#18239 closed Bug (fixed)
Only use custom subclass of HTMLParser for Python versions with buggy stdlib HTMLParser
Reported by: | Carl Meyer | Owned by: | nobody |
---|---|---|---|
Component: | Core (Other) | Version: | 1.3 |
Severity: | Release blocker | Keywords: | |
Cc: | Raphaël Hertzog | Triage Stage: | Accepted |
Has patch: | yes | Needs documentation: | no |
Needs tests: | no | Patch needs improvement: | no |
Easy pickings: | no | UI/UX: | no |
Description
Django currently has its own subclass of HTMLParser
(in django.utils.html_parser.HTMLParser
). It exists in order to patch a bug in the standard library's HTMLParser
in Python 2.5 and older versions of 2.6 and 2.7. The bug has been fixed in Python 2.6.8, 2.7.3, and will be fixed in the upcoming 3.3 as well. There are also other fixes in 3.3's HTMLParser
which conflict with the patched version in Django, since it relies on numerous undocumented internals.

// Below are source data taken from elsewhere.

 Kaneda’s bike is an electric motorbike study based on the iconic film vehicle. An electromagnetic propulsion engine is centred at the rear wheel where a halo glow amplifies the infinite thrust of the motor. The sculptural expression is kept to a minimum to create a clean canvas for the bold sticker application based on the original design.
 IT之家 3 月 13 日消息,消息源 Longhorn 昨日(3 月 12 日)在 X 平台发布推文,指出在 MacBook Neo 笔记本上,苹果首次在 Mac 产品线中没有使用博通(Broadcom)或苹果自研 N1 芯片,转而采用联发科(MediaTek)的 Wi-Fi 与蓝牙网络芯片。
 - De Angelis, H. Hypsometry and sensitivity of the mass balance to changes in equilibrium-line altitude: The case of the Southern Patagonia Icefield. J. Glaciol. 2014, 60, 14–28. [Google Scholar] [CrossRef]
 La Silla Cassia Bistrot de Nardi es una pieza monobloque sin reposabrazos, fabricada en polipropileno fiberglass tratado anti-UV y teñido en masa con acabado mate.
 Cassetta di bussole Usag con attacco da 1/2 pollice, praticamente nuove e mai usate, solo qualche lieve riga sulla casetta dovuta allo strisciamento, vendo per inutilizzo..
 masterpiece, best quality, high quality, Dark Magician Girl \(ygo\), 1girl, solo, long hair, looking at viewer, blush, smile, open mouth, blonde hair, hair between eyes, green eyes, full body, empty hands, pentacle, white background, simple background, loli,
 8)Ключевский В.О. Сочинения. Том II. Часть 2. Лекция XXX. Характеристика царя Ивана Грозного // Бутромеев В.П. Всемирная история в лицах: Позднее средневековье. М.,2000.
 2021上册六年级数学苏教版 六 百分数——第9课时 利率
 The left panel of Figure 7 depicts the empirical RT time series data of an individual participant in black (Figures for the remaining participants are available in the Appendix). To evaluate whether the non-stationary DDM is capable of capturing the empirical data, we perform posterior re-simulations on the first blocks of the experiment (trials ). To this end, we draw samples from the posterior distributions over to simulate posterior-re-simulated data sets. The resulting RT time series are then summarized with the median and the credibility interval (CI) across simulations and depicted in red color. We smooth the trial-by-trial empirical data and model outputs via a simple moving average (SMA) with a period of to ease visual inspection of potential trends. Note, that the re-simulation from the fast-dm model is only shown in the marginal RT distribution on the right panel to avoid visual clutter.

For better forward-compatibility, we should only use our patched subclass for versions of Python known to contain the bug, and otherwise simply use the standard library's HTMLParser
directly.
When we make this change, we can also roll back r17456, as that was simply papering over a breakage due to the modified HTMLParser
in 2.6.8 and 2.7.3 - that will no longer be a problem if we don't try to use our subclass with those (and newer) Pythons.
Attachments (1)
Change History (10)
comment:1 by , 13 years ago
comment:2 by , 12 years ago
Cc: | added |
---|
For me the test suite of Django 1.4.1 fails with many invalid HTML parse errors when I run it in Debian Sid with python 2.7.3. Is this bug the same issue?
Example of error:
====================================================================== ERROR: test_count (regressiontests.test_utils.tests.HTMLEqualTests) ---------------------------------------------------------------------- Traceback (most recent call last): File "/«PKGBUILDDIR»/tests/regressiontests/test_utils/tests.py", line 396, in test_count dom2 = parse_html('<p class="bar">foo</p>') File "/«PKGBUILDDIR»/django/test/html.py", line 213, in parse_html parser.feed(html) File "/usr/lib/python2.7/HTMLParser.py", line 114, in feed self.goahead(0) File "/usr/lib/python2.7/HTMLParser.py", line 160, in goahead k = self.parse_endtag(i) File "/«PKGBUILDDIR»/django/utils/html_parser.py", line 96, in parse_endtag self.handle_endtag(tag.lower()) File "/«PKGBUILDDIR»/django/test/html.py", line 191, in handle_endtag tag, self.format_position())) File "/«PKGBUILDDIR»/django/test/html.py", line 153, in error raise HTMLParseError(msg, self.getpos()) HTMLParseError: Unexpected end tag `p` (Line 1, Column 18), at line 1, column 19
by , 12 years ago
Attachment: | 01_use_stdlib_htmlparser_when_possible.diff added |
---|
Patch for Django 1.4.1
comment:3 by , 12 years ago
Has patch: | set |
---|---|
Severity: | Normal → Release blocker |
Here's a patch that seems to solve the issue for me by doing what the bug description suggest, i.e. use Django's own HTMLParser only with python versions that have the problem. It should be straightforward to adapt it for the development version.
I took the liberty to increase the severity as Django is effectively broken for me on Debian Sid right now.
comment:5 by , 12 years ago
I would appreciate some ack/review of a core developer before I upload this patch to debian... but it would be even better if I could just cherry pick the definitive fix from the trunk.
comment:6 by , 12 years ago
Resolution: | → fixed |
---|---|
Status: | new → closed |
(Thanks to Vinay Sajip for discovering and raising this issue.)